RMF for DoD IT Crash Course Description

RMF for DoD IT crash course teaches you the in depth information about Risk Management Framework (RMF) for Department of Defense (DoD) Information Technology (IT).

TONEX as a leader in security industry for more than 15 years is now announcing the RMF for DoD IT training which helps you to understand recent transition from DoD Information Assurance Certification and Accreditation Process (DIACAP) to the RMF based on latest publications of DoD and Committee for National Security Systems (CNSS) as well as National Institute of Standards and Technology (NIST) and the Federal Information Security Management Act (FISMA).

Whether you are a part of an existing Authority to Operate (ATO) under old C&A process and need to shift to new RMF process, or new to DoD requirements for RMF, you need to understand the impacts of RMF on your information system, service or facility.
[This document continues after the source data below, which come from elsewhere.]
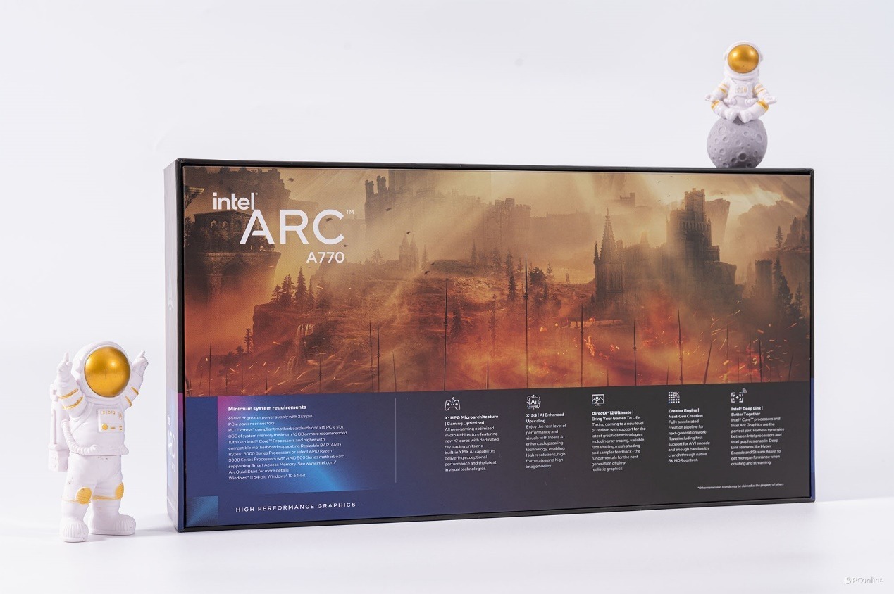 包装盒的左下角则是Intel Arc显卡相关技术展示,像XeSS超分辨率技术等。
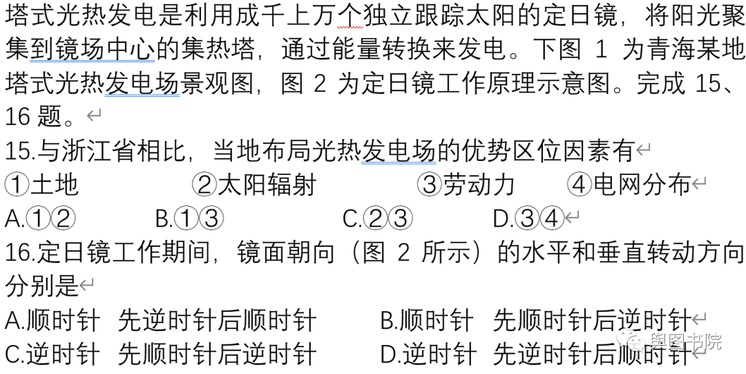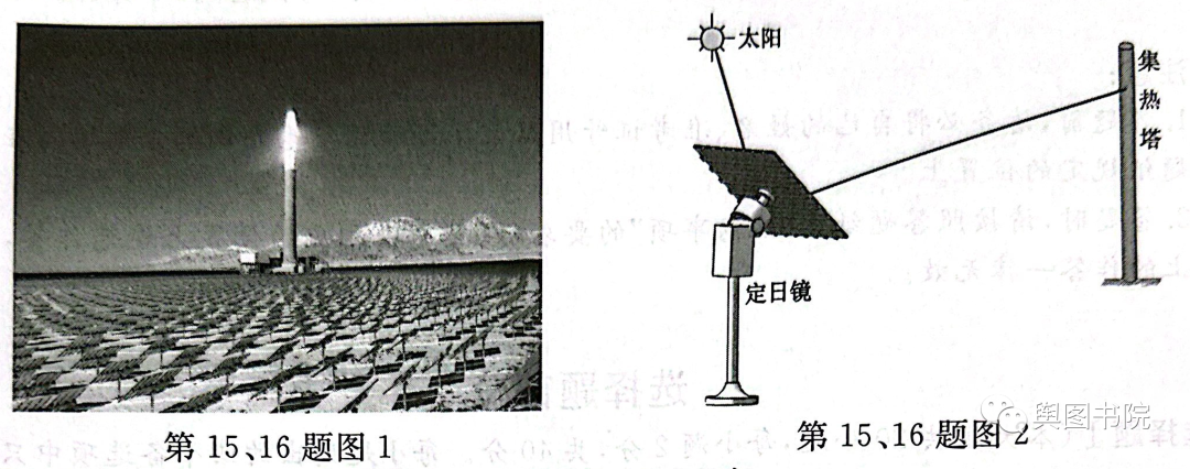 15题,集热电站是太阳能发电的一种,对光能和土地面积要求高。16题,结合太阳高度变化即可判断。
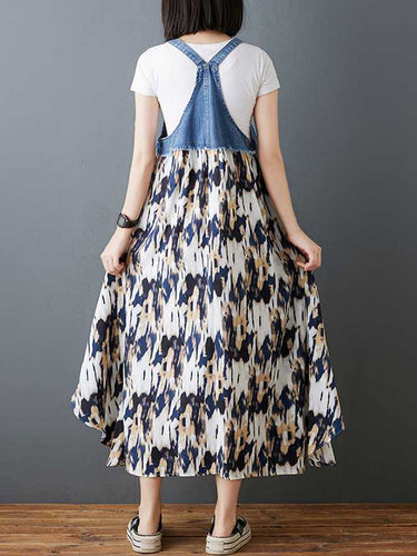 Lose Plus-Size-Blütendrucktaschen Spaghetti-Neck Maxi Kleider Kleid mit Spaghetti-Neck
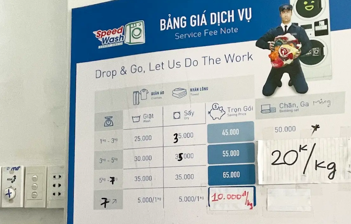 ・洗濯+乾燥(1〜3kg)…35,000VND(約190円)

Therefore, this training will teach you the main transition aspects or RMF and provides you with the step by step implementation procedure and standards.

TONEX has served the industry and academia with high quality conferences, seminars, workshops, and exclusively designed courses in cybersecurity area and is pleased to inform professional fellows about the recent in-depth training on RMF for DoD IT.

This course covers variety of topics in RMF area such as: introduction to information security and RMF, regulation, laws and policies of RMF, system development life cycle, RMF roles and responsibilities, introduction to FISMA, transition from C&A to RMF, and RMF life cycle process for DoD IT. Moreover, you will learn about managing information security risks, detailed information and special publications related to each phase of RMF, challenges in implementing RMF for DoD, and security control assessment requirements.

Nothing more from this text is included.